Bangalore musician Shrawan Banerjee talks about his multiple monikers

For an artist that lists Nickelback and Avril Lavigne as inspirations on his Facebook, Shrawan Banerjee’s music sounds nowhere close to it. However, it’s only to get a good chuckle out of anyone who takes the trouble to visit his page. “My idols are Nirvana and The Beatles. I can listen to them endlessly,” he says.

Based in Bangalore, Banerjee graduated with an undergraduate degree specialising in media.

But he doesn’t seem to have decided to be a full-time musician just yet. “I was working for two years at normal jobs and have now taken a break to do a course in sound engineering this year.
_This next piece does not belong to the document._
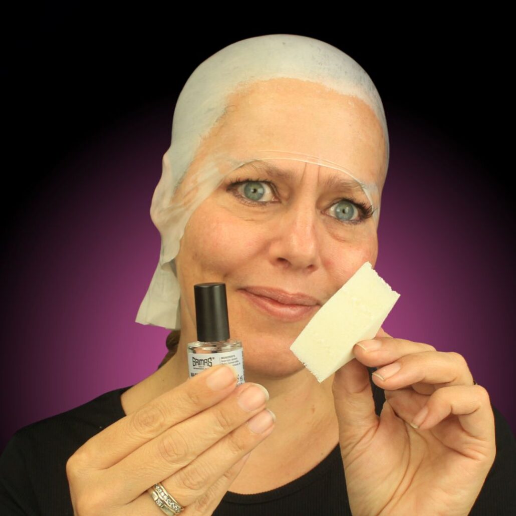 Voor het werken met de Grimas Bald Cap gebruik je een paar essentiële producten. Met deze materialen maak je de cap stevig vast en blend je hem onzichtbaar weg. Alle producten vind je uiteraard in onze online Schminkwinkel. Dit blog is gemaakt met alleen Grimas producten

The course has been great and given the opportunity to work on my music more than I would have otherwise, so it’s nice to do that,” he says.

Starting out at 13, he sneakily practised on his elder brother’s guitar when he wasn’t at home, and learnt all the basics from browsing the internet. “The first couple of years, I pretty much learnt from printouts and playing Nirvana songs,” adding that he only much later chose to take lessons to improve his songwriting and producing. That process has led to the creation of any music starting with his acoustic guitar. “I like good melodies. The noise part is the easy stuff,” he quips.

But why the name Stoned Seahorse? “Stoned Seahorse was a funny name I thought of when I was 15. It’s just a catchy name that people tend to remember no matter how lame they think it is,” he says. Banerjee is now releasing new work under the name Hazelgreen, under which he says he will release all his electronic music. But by his admission, Banerjee himself seems to be a tad confused about his monikers. “I’m not clear myself about what music is going to come under what name right now. Stoned Seahorse is kind of chaotic, noisy and punk but Hazelgreen is all about the songs and bringing in new influences, especially from an electronic music standpoint.”

Being an independent musician also comes with its fair share of issues. But Banerjee chooses to remain optimistic rather than sulking about it. “I think the most important thing is to keep learning and growing and avoid complaining about what you can’t change. I love playing music and will always keep making and learning new things despite the ‘scene’ or whatever.”

Banerjee mentions that although there are always disappointments, for now, he’s focused on the journey. “It’s the same old, ‘no money, no gigs, no satisfaction’ jazz but it doesn’t bother me all that much.”

By the end of the year, Banerjee hopes to release an album or an EP under the Hazelgreen moniker. “After that, I am going to spend my retirement in the mountains with my dog Jimi,” he concludes.